По мнению посольства, не удалось вовлечь в вооруженную борьбу и крестьянство, на призывы выхода из колхозов они не отреагировали. Продолжали спокойно работать.
Следовал вывод: восстание не имело поддержки в народе, его разгром получит положительный отклик среди значительной части населения Венгрии.
Кризис в Польше, а особенно венгерская трагедия оказали огромное влияние на демократические процессы не только в этих странах, но и в Советском Союзе. Я не погрешу против истины, если скажу, что при принятии решений вплоть до 1964 года, дальше я просто не знаю, в головах членов Президиума ЦК КПСС постоянно отдавались громыхающие залпы орудий в Будапеште.
Андропов, проведший все эти дни в городе, Суслов и Микоян, ночевавшие в наших войск на военном аэродроме, и не бывавшие там наши руководители оказались травмированными Венгрией.
Я отчетливо помню резкие интонации возражений отцу, когда он высказывался о целесообразности дальнейшей, пусть очень робкой либерализации нашего общества. Наперебой начались увещевания: «Как можно, Никита Сергеевич? Вспомните, в Венгрии тоже все начиналось с "Кружка Петефи", а кончилось чем? Кровопролитием».
Эти аргументы на отца действовали. Он отступался. И при подготовке пресловутых проработок интеллигенции в начале 60-х годов тоже маячило пугало «Кружка Петефи» и ожидаемых трагических последствий. А отсюда естественное требование: удавить крамолу в колыбели. Давили не без успеха, но и без пользы.
Несколько слов об отношении отца к судьбе Имре Надя, искавшего спасения в югославском посольстве, казавшемся ему надежным и единственно приемлемым для него, коммуниста, убежищем. Надь не счел возможным, как кардинал Миндсенти, обратиться за помощью к американцам.
Югославы спасли бывшего премьера, но этот шаг до крайности натянул отношения отца с Тито. Отец считал себя обманутым, преданным, а Тито – ведущим двойную игру. «Ведь он поддержал вмешательство, и не просто поддержал, а подталкивал нас», – негодовал отец. Масла в огонь подлило выступление Карделя с осторожным осуждением наших действий. С тех пор отец относился к нему с плохо скрываемым недоверием и неприязнью.
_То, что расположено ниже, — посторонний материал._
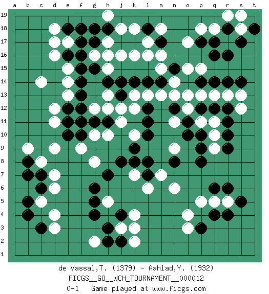Last move : 0-1 2015 June 12 1:6:17 [Event "FICGS__GO__WCH_TOURNAMENT__000012"] [Site "FICGS"] [Date "2014.11.01"] [Round "1"] [Black "de Vassal,Thibault"] [White "Aahlad,Yeturu"] [Result "0-1"] [Rating 1 "1379"] [Rating 2 "1932"] 1.q4 d16 2.q16 d4 3.r10 o3 4.r6 k4 5.c6 o17 6.r14 k16 7.m17 m16 8.k17 l17 9.l18 l16 10.j17 m18 11.f17 e17 12.f16 c14 13.b4 d6 14.c7 d7 15.g4 c8 16.b8 c5 17.b5 b9 18.b7 d9 19.c3 d3 20.g6 h5 21.g5 g8 22.h7 k7 23.j8 h10 24.k8 m7 25.l7 l6 26.l8 n6 27.p3 o4 28.f14 n9 29.l11 h12 30.f12 e13 31.f13 q5 32.r4 j16 33.h16 r5 34.s5 h15 35.g15 h17 36.h18 g16 37.g17 h16 38.h14 k12 39.l12 l13 40.q6 e15 41.f15 j18 42.g11 k10 43.l10 g10 44.h11 j11 45.f10 f9 46.e16 d17 47.e18 d18 48.f18 h19 49.g18 k18 50.e10 d11 51.e12 d12 52.j13 h13 53.k14 k13 54.l14 m13 55.m14 n14 56.k9 o13 57.e11 g12 58.f11 e14 59.j14 j12 60.n15 o15 61.n12 n13 62.o11 p11 63.p10 q11 64.p14 m15 65.p17 q10 66.p9 q9 67.p8 o12 68.n8 n11 69.o10 p5 70.p12 p13 71.q12 q13 72.r12 r13 73.r11 s12 74.r9 r17 75.r16 p18 76.q17 q18 77.r18 s18 78.s17 g2 79.h3 k2 80.j2 j3 81.j4 k3 82.h2 r19 83.s14 s13 84.t18 s19 85.q14 p15 0-1 Here are the names of the openings (joseki) played in the four corners : Corner q4 : q4 o3 Hoshi (Hwajeom, Seongjeom, Xingwei`) 4-4 Point. The star or hoshi (4-4) point, emphasizing influence at the potential expense of territory. Ikken Kakari (Hankan Keolch'im, Yi Gua`jiao~, 1-Space Low Approach). White 2 is the standard approach move to the 4-4. Corner d4 : d4 c6 Hoshi (Hwajeom, Seongjeom, Xingwei`) 4-4 Point. The star or hoshi (4-4) point, emphasizing influence at the potential expense of territory. Ikken Kakari (Hankan Keolch'im, Yi Gua`jiao~, 1-Space Low Approach). Black 2 is the standard approach move to the 4-4. Corner q16 : q16 o17 Hoshi (Hwajeom, Seongjeom, Xingwei`) 4-4 Point. The star or hoshi (4-4) point, emphasizing influence at the potential expense of territory. Ikken Kakari (Hankan Keolch'im, Yi Gua`jiao~, 1-Space Low Approach). White 2 is the standard approach move to the 4-4. Corner d16 : d16 j17 Hoshi (Hwajeom, Seongjeom, Xingwei`) 4-4 Point. The star or hoshi (4-4) point, emphasizing influence at the potential expense of territory. Player White won this Go (weiqi, baduk) game. Follow this game move after move (download)The game plays itself, the players don't control it. (Pierre Audouard) The message for business people contemplating their place in the cyberspace is simple and direct: get linked or get lost. (Vic Sussman and Kenan Pollack)

Пребывание Имре Надя в посольстве тяготило Тито. В его планы не входил разрыв только что наладившихся отношений с Москвой. Поэтому он с облегчением воспринял заверения Яноша Кадара: в случае выхода Имре Надя из здания посольства венгерские власти не арестуют его. Именно не арестуют, а не гарантируют безопасность и неприкосновенность. Советская сторона никаких обязательств на себя не брала, а югославы подобных условий не ставили, хотя знали, что в городе распоряжается советский комендант. Отец, не колеблясь, санкционировал арест Имре Надя. Теперь обманутым оказался Тито.
– На свободе в Будапеште Надь Имре представляет слишком серьезную помеху для деятельности Кадара, – пояснил мне отец свою позицию в ответ на очередной вопрос. – Неизбежно вокруг него начнут собираться недовольные, а у нынешнего руководства и без него забот хватает. Пусть поживет в Румынии, пока положение стабилизируется, правительство укрепится, наберет силы. Живет же у нас Ракоши.
О возможности суда, а тем более физического уничтожения Надя речи не заходило.
– Пройдет время, там видно будет, – неопределенно высказался отец.
Прошло время, положение в Венгрии стабилизировалось. По-разному сложились судьбы вышедших на улицы людей. Одних судили, других простили, кого-то застрелили на улицах под горячую руку. Многие бежали за границу, благо в первые дни выезд никто всерьез не контролировал. Кардинал Миндсенти продолжал укрываться в посольстве США. Имре Надь ожидал своей участи, казалось, о нем на время забыли. Но только казалось. Без суда над бывшим главой правительства, вернее, его осуждения у новой власти не сходились концы с концами. Требовалось подтвердить законность захвата власти и хотя бы задним числом признать незаконность, преступность предшественников – правительства Имре Надя. Кадар обратился к Советскому Союзу, а через его посредство – к Румынии с просьбой выдать Имре Надя.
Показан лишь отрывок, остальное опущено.